Wenn ich kein Dateizuordnungstabelle mehr habe, kann sie unter günstigen voraussetzung ohne Probleme wieder hergestellt werden.

Damit beschäftigen sich ganze Industriezweige. Ontrack ist eine Firma, die sich mit der Wiederherstellung von Festplatten beschäftigt.
Mit dem Prog EasyRecovery ist es sogar unter umständen möglich formatierte Partitionen wieder herzustellen.

Gruß
melfoers


----------



## Thomas Bay (13. März 2004)

Hallo

Also ich gebe es auf ich schmeiss die Platte in den müll, ist zwar schon voll doof meine ganzen Daten zu verlieren aber ich habe einfach keine lust mehr.habe jetzt so viel programme getestet aber mit keinem konnte ich irgend etwas sichern.Woran das liegt weis ich nicht vieleicht bin ich auch zu blöd dazu,aber ständig den Rechner stundenlang laufen zu lassen wenn ein Prgramm wie zum beispiel PC Inspector ,Acronis Recovery ,OnTrack EasyRecovery ,GetdataBack, und keins hilft mir was das ist zeitverschwendung die ich nicht habe.

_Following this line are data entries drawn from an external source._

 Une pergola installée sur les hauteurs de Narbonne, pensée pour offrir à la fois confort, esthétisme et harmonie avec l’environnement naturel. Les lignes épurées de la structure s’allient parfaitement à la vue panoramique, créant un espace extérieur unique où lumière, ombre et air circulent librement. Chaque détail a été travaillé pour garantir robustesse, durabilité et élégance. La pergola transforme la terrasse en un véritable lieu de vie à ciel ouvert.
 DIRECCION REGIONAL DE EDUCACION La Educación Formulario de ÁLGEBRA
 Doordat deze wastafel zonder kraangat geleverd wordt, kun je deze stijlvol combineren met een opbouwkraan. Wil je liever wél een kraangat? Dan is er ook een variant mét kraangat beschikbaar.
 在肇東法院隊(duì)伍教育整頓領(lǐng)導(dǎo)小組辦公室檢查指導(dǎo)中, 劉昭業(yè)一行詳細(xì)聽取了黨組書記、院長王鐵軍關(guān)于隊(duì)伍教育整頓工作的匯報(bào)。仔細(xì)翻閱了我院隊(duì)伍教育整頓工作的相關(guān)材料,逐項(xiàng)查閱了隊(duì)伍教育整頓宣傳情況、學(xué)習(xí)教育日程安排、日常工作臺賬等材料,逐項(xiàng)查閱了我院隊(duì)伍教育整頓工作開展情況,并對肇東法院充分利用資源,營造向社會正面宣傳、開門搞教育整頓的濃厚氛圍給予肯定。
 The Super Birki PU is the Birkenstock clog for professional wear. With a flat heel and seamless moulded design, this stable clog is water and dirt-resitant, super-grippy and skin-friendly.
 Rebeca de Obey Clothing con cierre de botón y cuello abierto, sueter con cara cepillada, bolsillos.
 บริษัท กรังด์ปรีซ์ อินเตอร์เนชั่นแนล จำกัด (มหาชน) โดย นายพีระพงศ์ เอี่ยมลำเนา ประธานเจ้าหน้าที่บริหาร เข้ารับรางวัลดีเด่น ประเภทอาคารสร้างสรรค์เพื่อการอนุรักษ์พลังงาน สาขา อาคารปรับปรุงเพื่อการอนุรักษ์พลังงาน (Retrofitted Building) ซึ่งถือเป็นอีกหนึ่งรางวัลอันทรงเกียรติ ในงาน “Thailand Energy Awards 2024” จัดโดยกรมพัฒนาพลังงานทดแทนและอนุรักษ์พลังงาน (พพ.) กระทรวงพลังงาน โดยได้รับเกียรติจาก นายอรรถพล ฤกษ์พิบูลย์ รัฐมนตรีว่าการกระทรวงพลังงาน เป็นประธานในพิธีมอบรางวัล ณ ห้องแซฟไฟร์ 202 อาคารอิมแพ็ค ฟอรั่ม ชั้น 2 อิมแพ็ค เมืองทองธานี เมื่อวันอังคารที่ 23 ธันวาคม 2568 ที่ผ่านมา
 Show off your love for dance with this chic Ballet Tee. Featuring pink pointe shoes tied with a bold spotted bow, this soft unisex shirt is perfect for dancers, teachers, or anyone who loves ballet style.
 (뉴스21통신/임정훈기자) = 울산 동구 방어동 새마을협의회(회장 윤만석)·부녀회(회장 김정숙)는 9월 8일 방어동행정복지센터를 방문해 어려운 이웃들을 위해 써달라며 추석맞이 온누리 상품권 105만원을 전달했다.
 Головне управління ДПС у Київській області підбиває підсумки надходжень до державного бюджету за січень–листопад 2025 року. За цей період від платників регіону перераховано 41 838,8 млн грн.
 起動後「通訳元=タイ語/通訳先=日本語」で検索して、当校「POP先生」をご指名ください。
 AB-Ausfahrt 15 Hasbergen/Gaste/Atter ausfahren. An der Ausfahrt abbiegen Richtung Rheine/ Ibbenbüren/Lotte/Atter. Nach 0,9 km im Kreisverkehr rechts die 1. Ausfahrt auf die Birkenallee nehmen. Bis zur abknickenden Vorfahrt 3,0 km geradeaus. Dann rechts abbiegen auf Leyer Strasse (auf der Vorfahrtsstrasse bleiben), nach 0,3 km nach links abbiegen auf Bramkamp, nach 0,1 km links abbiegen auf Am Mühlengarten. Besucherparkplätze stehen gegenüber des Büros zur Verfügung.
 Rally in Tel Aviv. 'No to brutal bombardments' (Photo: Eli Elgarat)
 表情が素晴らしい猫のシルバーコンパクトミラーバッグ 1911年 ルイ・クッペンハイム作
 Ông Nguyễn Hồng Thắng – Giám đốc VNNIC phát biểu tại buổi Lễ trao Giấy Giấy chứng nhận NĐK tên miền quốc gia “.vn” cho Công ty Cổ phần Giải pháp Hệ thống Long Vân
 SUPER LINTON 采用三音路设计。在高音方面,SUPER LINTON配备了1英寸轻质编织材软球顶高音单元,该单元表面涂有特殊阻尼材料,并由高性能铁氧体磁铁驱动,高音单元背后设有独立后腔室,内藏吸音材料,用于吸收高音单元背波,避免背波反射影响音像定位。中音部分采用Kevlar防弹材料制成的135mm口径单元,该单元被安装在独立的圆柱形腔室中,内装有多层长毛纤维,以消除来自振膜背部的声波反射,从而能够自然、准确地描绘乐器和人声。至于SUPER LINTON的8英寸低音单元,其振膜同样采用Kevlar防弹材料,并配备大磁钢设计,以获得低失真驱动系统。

Danke aber für eure hilfsbereitschaft
auch wenn es nichts gebracht hat.

P.S.Was nützen die Programme wenn sie nur demo oder shaware sind,ich kauf doch keine vollversion für 35 - ? euro wenn ich nicht sicher bin ob die Programme mir auch helfen.

ich wünsch euch was


----------



## liquidbeats (13. März 2004)

EASY RECOVERY
DAMIT BEKOMST DU FAST ALLES WIEDER!

hatte das auch schon versuch es damit.
Ich habe daten von einer platte bekommen die scharbende geräusche von sich gab.

Alles kannst leider nicht wiederherstellen. aber ein Großteil.
Dieses Programm ist aus Gottes Händen.


----------



## Thomas Bay (13. März 2004)

Hallo

gibt es denn wirklich kein Programm als Demo oder Sharware wo man die Daten retten kann ohne das man so viel Geld für eine vollversion ausgeben muss ohne vorher zu wissen ob es was bringt?


----------



## liquidbeats (14. März 2004)

Ich gebe dir meines. ok?


----------



## Thomas Bay (14. März 2004)

Hallo

ist das dein ernst?Oder sagst du das jetzt nur so?


----------



## Andreas Dunstheimer (14. März 2004)

Wer lesen kann ist klar im Vorteil: Easy Recovery hat Thomas schon ausprobiert, und es hatte keinen Erfolg.

Das Anbieten von Raubkopien ist hier übrigens gar nicht gerne gesehen.

Aus diesem Grund:
- Thread geschlossen
- liquidbeats verwarnt


Beschwerden bitte per PM


Dunsti


----------